Is this the course we would take? Not a chance. We switch phone companies over poor customer service. We give up on people who fail to meet our expectations. We stop patronizing restaurants where the food was cold. And yet, the Gospel brings us the amazing words: “God so loved the world.” This sinful, unworthy world and everyone in it. You. Me. Everyone. God’s love is unconditional, meaning that it does not depend on us but entirely on Him. And oh how different God’s love is from human love.

Human love looks for a reason to love. “I love because he is my child. I love because she meets all my needs. I love because he is so handsome.” Really? If that is true, how much will you love him when he grows old and wrinkled and his hair falls out? God loves us for His own sake. Can you think of anything more comforting than that? Can you see why all the despised and rejected, the outcasts and notorious sinners of Christ’s day were so overjoyed when Jesus proclaimed God’s love and forgiveness to them? Being saved had nothing to do with social status or nice clothes or good deeds or large bank accounts. Being saved simply meant trusting in God’s unconditional love, as revealed in Jesus Christ, “that whoever believes in Him should not perish but have everlasting life.”
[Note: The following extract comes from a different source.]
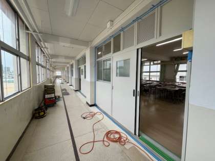 2年生1から4組教室の窓、ドアが完成間近です。みんなで大事に使っていきましょう。三稜中学校1年生校舎は昭和35年、2年生校舎は昭和50年に建てられてます。これまで改装を行い、先輩たちが大事に使ってきた伝統ある校舎です。
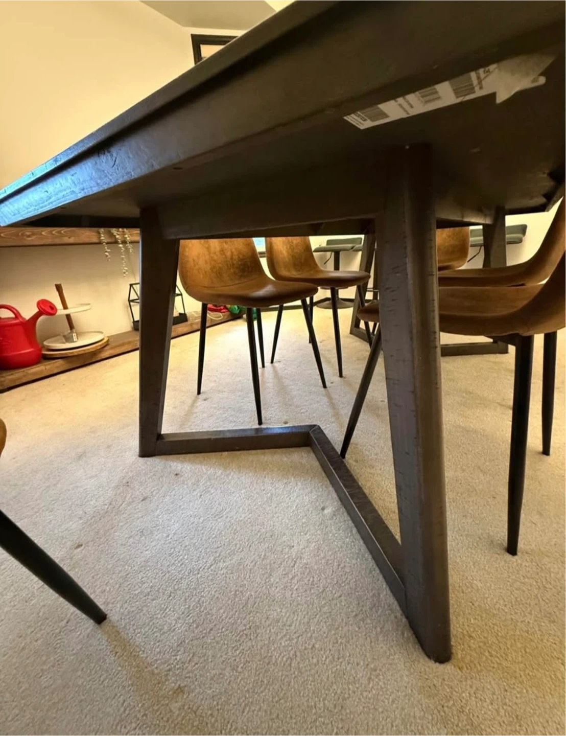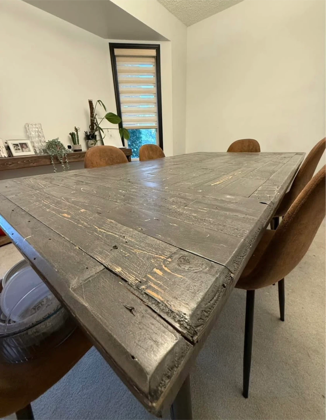 Selling a rustic wooden dining table! It's a great size for family dinners or gatherings. The table shows some signs of wear, which adds to its character. It measures approximately 30" high, 76" length, 40" wide.

Second, God’s love is a love of commitment and action and sacrifice. “God so loved the world that HE GAVE His only begotten Son.” He acted. And what did He give? The very best that He had to give, His own Son. I find it both sad and amazing that so many churches today want to talk about God’s love—though seldom mention a word about sin or accountability or cost. “Oh, God loves you,” they say, failing to realize that the only way to truly understand the extent of God’s love is through the extent of His sacrifice and the enormity of our sin. “This is how we know what love is,” John wrote in his First Epistle: “Jesus Christ laid down His life for us.” 1 John 3:16.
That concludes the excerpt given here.